Plagiarism, warts and all, is a hustler’s bliss, perhaps the plaything of future hoodlums in robes. It is a mortal sin among supposed citizens – upstarts and wannabes alike – of the pen.


At least five of my eight research/think pieces in the past semester were late, and as a consequence, were charged with deductions and assessed to higher passing standards. I have nobody to blame but myself in these instances. My professors, to their credit, have kept on reminding me to toe the deadline at least before the day ends.
Yet in those five instances, I declined, not because I tend to build my own republic and challenge their professorial mandates, but simply for the reason that I felt the legwork of the papers I ought to pass have barely satisfied my secular discontentment as regards the briskness, cohesion and logic of its argumentative and explanatory form and substance without abandoning the aesthetics of good writing.
Doing so, notwithstanding the relatively lower mark I would get from such risky venture as a result of deliberately screwing up with deadlines, has become a goal of sorts for me inasmuch as valuing and observing the tenets of good scholarship–which requires, among others, prudence, patience and analytical eclecticism to produce original ideas – than just merely reiterating and window-dressing the peregrinations of the given references.
It may sound blasphemous among geeky formalists and pseudo-intellectuals who, no matter how they deny it, cannot even start, much less instantaneously expound, an in-depth academic discussion in class with explicatory finesse and latitude, yet would boisterously proclaim at such instances that “we hurdled the damn deadline.” Yeah right, by simplying turning the professor’s workdesk into an improvised deposit of expensive “rims of toilet paper,” save for a few exceptions.  Modesty aside, this part-time heckler’s goal is to learn and understand what he’s read and eventually apply it, at least by writing something that would exhibit the academic dispatches and strides he’s made throughout the entire duration of the course. In foreign policy parlance, it is sacrifice that distinguishes a goal from an aspiration.

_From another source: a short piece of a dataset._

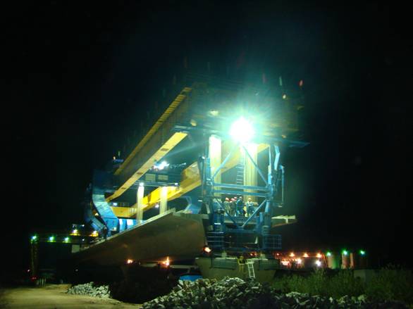 由于東北地區(qū)冬季氣候寒冷,風(fēng)力經(jīng)常在6級(jí)以上,因此項(xiàng)目部在元月進(jìn)入冬休整備期。在冬休期間,項(xiàng)目部留守人員堅(jiān)持按照設(shè)備保養(yǎng)計(jì)劃定時(shí)對設(shè)備進(jìn)行保養(yǎng)和檢測,同時(shí)利用這段時(shí)間對運(yùn)梁車進(jìn)行了維修。今年冬季大連地區(qū)天氣情況良好,中鐵一局局指揮部要求項(xiàng)目提前開工。項(xiàng)目部各部門、班組人員接到領(lǐng)導(dǎo)通知后迅速反應(yīng),通知各崗位人員提前到位,真正發(fā)揚(yáng)了“招之即來,來之即戰(zhàn),戰(zhàn)之能勝”的風(fēng)格。在搶工人手緊張的同時(shí),項(xiàng)目部仍然時(shí)刻將安全放在首位,對新進(jìn)勞務(wù)工進(jìn)行了為期7天的脫產(chǎn)崗前培訓(xùn)。培訓(xùn)涉及安全生產(chǎn)、項(xiàng)目管理、施工技術(shù)等方面,所有人員必須合格后方能上崗。對冬休人員還進(jìn)行了崗前安全再教育。項(xiàng)目部員工斗嚴(yán)寒、戰(zhàn)風(fēng)雪,在及其艱苦的環(huán)境下對設(shè)備進(jìn)行運(yùn)轉(zhuǎn)調(diào)試,同時(shí)克服了架橋機(jī)新更換的二、三號(hào)柱減速機(jī)故障造成的工期滯后。工班人員分成兩班日夜作業(yè),項(xiàng)目領(lǐng)導(dǎo)輪流值班,積極配合武研院進(jìn)行搶修,成功完成了永清公路特大橋第三孔箱梁的架設(shè)工作,打開了哈大架梁項(xiàng)目部2009年攻堅(jiān)之戰(zhàn)的序幕。

Numbers, as in the case of grades, which a prominent professor has declared to be reeling from “inflation” nowadays in UST, is a reflection of what the economist John Mangun has once likened to a “bikini” in one of his Philippine Graphic columns some years ago because “what it reveals is suggestive” yet “what it conceals is vital.”


Care to burn some intellectual calories?
During the post-installation rites of Fr. Rolando dela Rosa, O.P., some V news writers interviewed prominent University officials and personalities to know their personal insights about the ascension of the “new” rector in office. While some had managed to raise concerns and well-wishes to Father De la Rosa, there were others, University officials at that, who chose to regale their interviewers with airy and no-brainer statements which eventually made a mockery of the interview’s purpose.
To borrow a general rule in opinion-writing: if you have nothing good, nay sensible, to say anymore, better shut up. Hooting starts now.